Conclusions. ES via the parasympathetic pathway independently induces contraction of rat SV. NO partially suppresses the SV pressure response to parasympathetic ES.
住院醫師組論文獎臨床組
The Impact of Irritative Lower Urinary Tract Symptoms on Erectile Dysfunction in Aging Taiwanese Males
1 Faculty of Medicine, Department of Urology,
2 Graduate Institute of Medicine, and
3 Departments of Nursing, Kaohsiung Medical University, Kaohsiung, Taiwan
Objective. This study assessed the possible associations between lower urinary tract symptoms (LUTS) and erectile dysfunction (ED) in aging Taiwanese males and investigated the impact of various aspects of LUTS on ED.

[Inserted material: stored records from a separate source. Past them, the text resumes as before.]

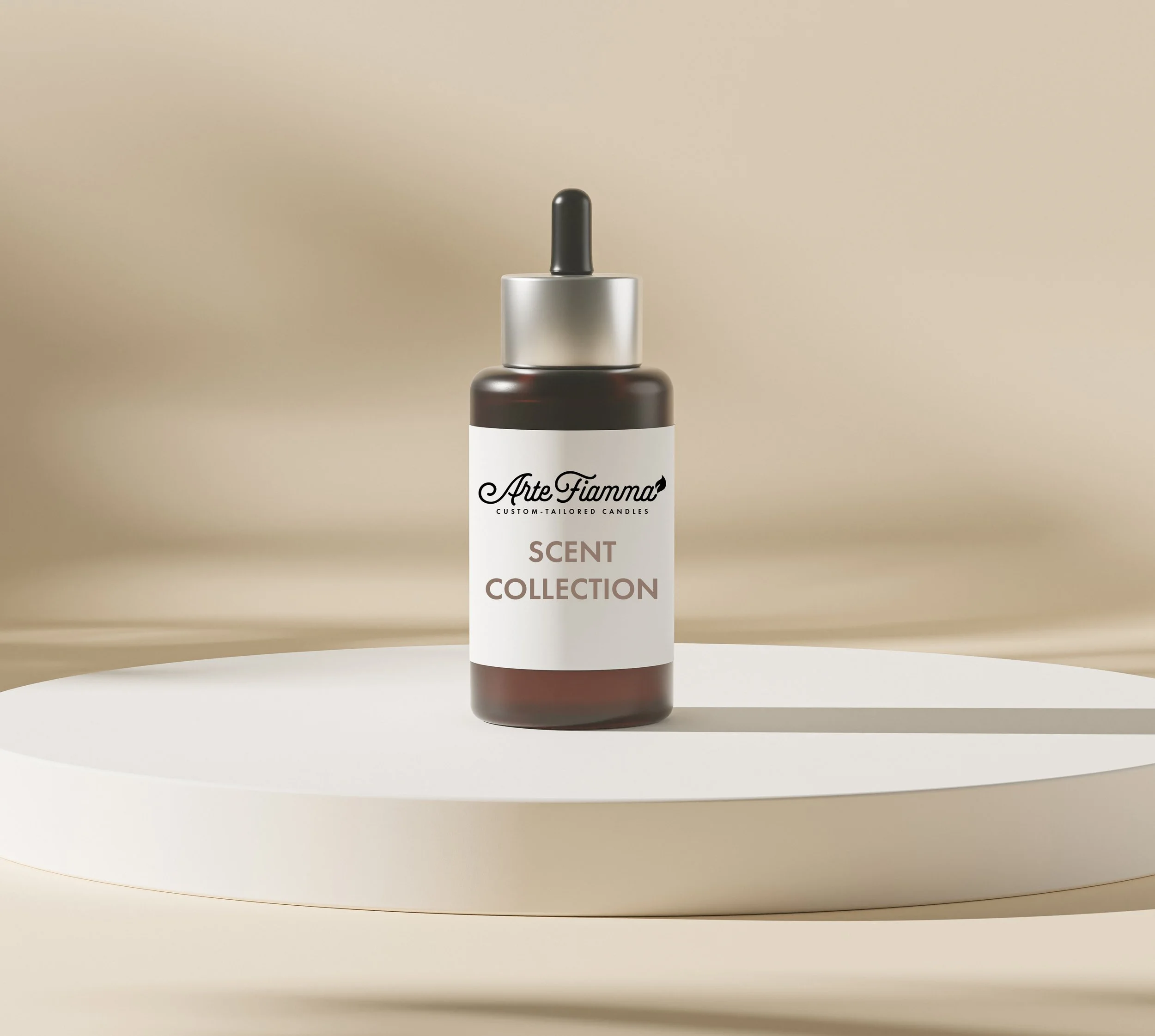 A brown glass bottle with a dropper cap labeled 'Arte Fiamma Scent Collection' placed on a white oval platform against a beige background.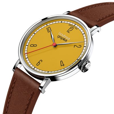 This Walter Gropius watch has a case made of stainless steel with a diameter of 38 mm and is fitted with a leather band. Inside the case lies a Miyota movement and the watch features a Double anti-reflective sapphire crystal.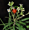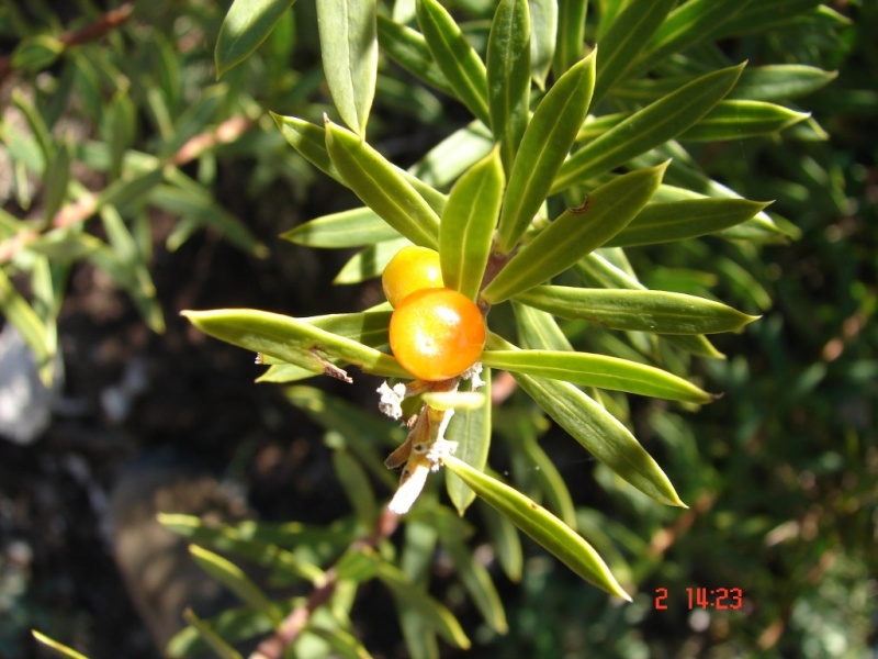 Flora Iberica: Arbusto hasta de 2 m de altura, muy ramificado. Tallos densamente foliados en gran parte de su longitud, cubiertos de pelos cortos (0,1-0,25 mm) y adpresos, con la corteza pardo-rojiza o –según van envejeciendo los tallos– grisácea. Hojas (10)20-30(50) x (2,5)3-7 mm, esparcidas, de lineares a linear-oblanceoladas, acuminadas, atenuadas en la base, persistentes, coriáceas, glabras, punteadas por el envés. Inflorescencias terminales, paniculadas, multifloras (10-60 flores), constituidas por un racimo apical ebracteado y varios axilares –a veces con alguna bráctea– que no sobresalen netamente de las hojas axilantes hasta la fructificación; racimos todos inicialmente corimbiformes, hasta de 4 cm de longitud en la fructificación. Flores 5-6,5 mm de longitud, subsésiles o con pedicelos hasta de 2 mm. Hipanto 3-4 mm, poco persistente, con pelos adpresos y densos –hasta de 0,2 mm– por fuera. Sépalos 1,5-2,5 mm, ovados, obtusos, pubérulos por fuera, de color crema. Fruto 7-8 x 6-7 mm, carnoso, globoso, pubérulo, de un rojo brillante. Semilla 4-5 x 2-3 mm, ovoidea, atenuada apicalmente. n = 9; 2n = 18.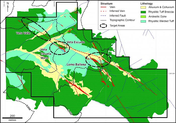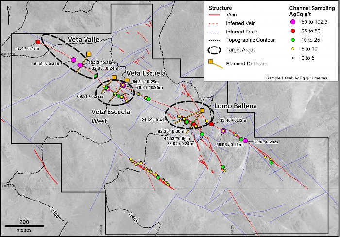 The 1,500m diamond drilling program, planned for Q1 2021, will target three of the most prospective zones along the principal Sandra trend, and initially test to a depth of 80 to 200m vertically below the outcropping surface exposures. These targets include Lomo Ballena (“LB”), Veta Escuela (“VE”) and Veta Valle (“VV”). The three targets, which represent the deepest eroded parts of the outcropping system (<2,450m ASL), show an overall increase in Au and Ag grades when compared with the higher elevation surrounding areas, and are considered geologically, structurally and geochemically strong targets for this initial drill program.

Methods. A free health screening for aging males (≥40 years old) was conducted in Kaohsiung Medical University Hospital. All the subjects had completed clinical data and answered questionnaires. ED and LUTS were assessed by validated symptom scales: the International Index of Erectile Function-5 (IIEF-5) and the International Prostate Symptom Score (IPSS). Results. A total of 339 eligible patients enrolled in this study with a mean age of 60.1 years old. In multiple logistic regression analysis, age and IPSS (p <0.001 and p =0.013, respectively) were significantly associated with ED after controlling other comorbidities. In a further age-adjusted multiple regression analysis, our results showed that the irritative symptoms (P =0.042) have a more significant association with ED than the obstructive symptoms (P =0.101).
Conclusions. Our results indicate that age and LUTS are the two most independent risk factors for ED. Aging Taiwanase males with LUTS are at increasing risk for ED, especially for those with significant irritative symptoms.